Double-Blind, Placebo-Controlled Trial of Ketamine Therapy in Treatment-Resistant Depression (TRD)

Inclusion Criteria

• Male or female, 18-70 years old.
• Able to read, understand, and provide written, dated informed consent prior to screening.
• Diagnosed with Major Depressive Disorder (MDD), single or recurrent, and currently experiencing a Major Depressive Episode (MDE) of at least eight weeks in duration, prior to screening.
• Has a history of TRD during the current MDE.
• Meet the threshold on the total MADRS score of greater than or equal to 20 at both screening and baseline visits (Day -7/-28 and Day 0), as confirmed by the remote centralized MGH CTNI rater between the screen visit and the baseline visit.
• In good general health
• For female participants, status of non-childbearing potential or use of an acceptable form of birth control
• Body mass index between 18-35 kg/m2
• Concurrent psychotherapy will be allowed if the type and frequency of the therapy has been stable for at least three months prior to screening and is expected to remain stable during participation in the study
• Concurrent hypnotic therapy will be allowed if the therapy has been stable for at least 4 weeks prior to screening and if it is expected to remain stable during the course of the subject's participation in the study.

Exclusion Criteria

• Female of childbearing potential who is not willing to use one of the specified forms of birth control during the study
• Female that is pregnant or breastfeeding
• Female with a positive pregnancy test at screening or baseline
• History during the current MDE of failure to achieve a satisfactory response to >7 treatment courses of a therapeutic dose of an antidepressant therapy of at least 8 weeks duration during the current episode
• Total MADRS score of Stage 2
• Angina pectoris.
• Heart rate 105 beats per minute at screening or randomization (Baseline Visit).
• QTcF (Fridericia-corrected) ≥450 msec at screening or randomization (Baseline Visit).
• Current history of hypertension, or on antihypertensives for the purpose of lowering blood pressure, who have either had an increase in antihypertensive dose or increase in the number of antihypertensive drugs used to treat hypertension over the last 2 months.
• Chronic lung disease excluding asthma.
• Lifetime history of surgical procedures involving the brain or meninges, encephalitis, meningitis, degenerative central nervous system disorder, epilepsy, mental retardation, or any other disease/procedure/accident/intervention associated with significant injury to or malfunction of the central nervous system, or a history of significant head trauma within the past 2 years
• Presents with any of the following lab abnormalities:
• Thyroid stimulating hormone outside of the normal limits and clinically significant as determined by the investigator.

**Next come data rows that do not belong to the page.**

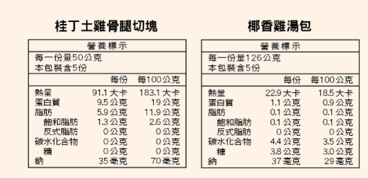 | 內容物(成分) | 雞肉、水、雞高湯(水、雞)、椰子水、椰子肉、紅棗、鹽、昆布抽出物、糖、枸杞、薑母粉 |
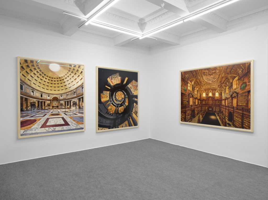 Sergiye ilk girişi Ahmet Ertuğ’un müzelere daha da yakışacak dev eserleri ile yapıyoruz. Ahmet Ertuğ, kütüphanelerle ilgili araştırmalar, veriler toplayarak bu fotoğrafları uzun araştırmalar sonucu çekiyor. Sergide gördüğümüz o dev, büyüleyici, size içine çeken fotoğraflar dijital değil analog. Sanatçı, fotoğraflarını inanılmaz uğraşılar sonucu çekiyor; çektiği fotoğraflarda mekanların her detayını alıyor. Örneğin; bir fotoğraf için 5 saatte aynı yerde durup açılara bakıp, doğru ışığı bekleyip sonra bir kere deklanşöre basıyor; ya da bir iç mekan fotoğrafını çekebilmek için 3 yıl üst üste Floransa’ya gitmiş. Mekanın o döneminin arşivi olan fotoğrafları sayesinde, mekanda geziyormuş gibi bir hissiyata kapılıyorsunuz.Ertuğ’un fotoğrafları ilk kez Türkiye’de bir galeride yer alıyor.
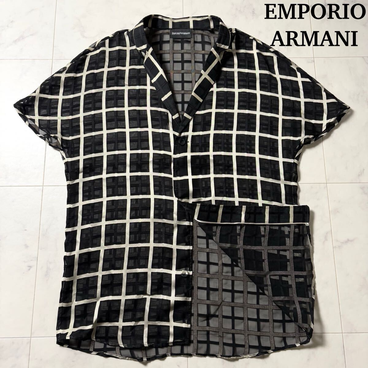 > EMPORIO ARMANI エンポリオアルマーニ シアー 半袖シャツ 羽織り チェック格子柄 サイズ40/L相当 ブラック 黒 メンズ
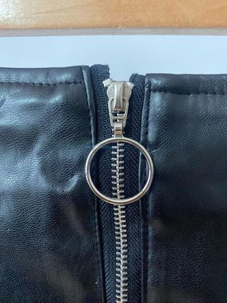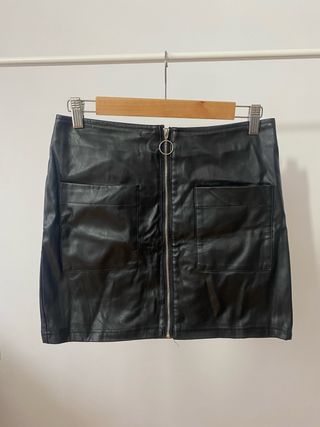 Falda de mujer con un diseño moderno y versátil. - Material: Efecto piel/cuero - Cierre frontal con cremallera. - Dos bolsillos delanteros.
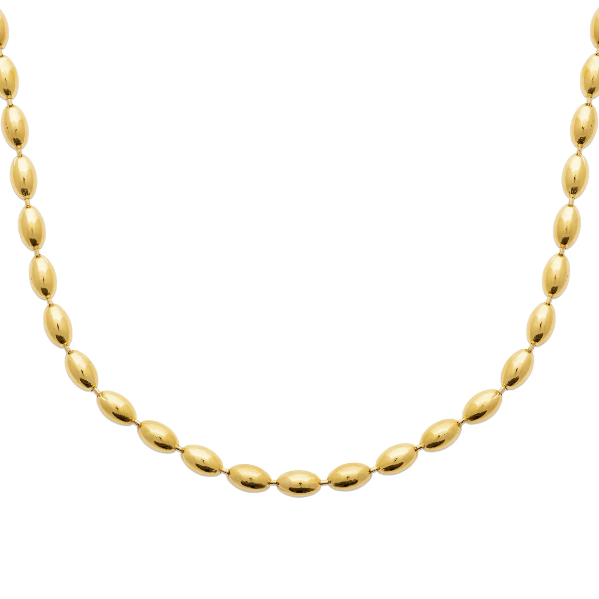 Ce collier est une ode à la fluidité. Il se compose d'une succession infinie de petits maillons ovoïdes, évoquant la forme délicate de grains de riz ou de perles métalliques étirées. Contrairement à une chaîne plate et rigide, cette structure possède un volume "roulant". Chaque grain, poli à l'extrême grâce à notre finition PVD or, capture la lumière sur sa courbe pour la renvoyer avec une douceur diffuse. Au toucher, c'est une sensation onctueuse, presque soyeuse. Le métal semble liquide, épousant le moindre mouvement de votre cou sans jamais se figer.

Free thyroxine (T4) levels may be measured if TSH level is high. Subject will be excluded if T4 level is clinically significant.
• Patients with diabetes mellitus fulfilling any of the following criteria:

i. Unstable diabetes mellitus defined as glycosylated hemoglobin (HbA1c) >8.5% at screening ii. Admitted to hospital for treatment of diabetes mellitus or diabetes mellitus related illness in the past 12 weeks iii. Not under physician care for diabetes mellitus iv. Has not been on the same dose of oral hypoglycaemic drug(s) and/or diet for the 4 weeks prior to screening. For thiazolidinediones (glitazones) this period should not be less than 8 weeks.

c. Any other clinically significant abnormal laboratory result (as determined after evaluation by study investigator and MGH CTNI medical monitor) at the time of the screening exam.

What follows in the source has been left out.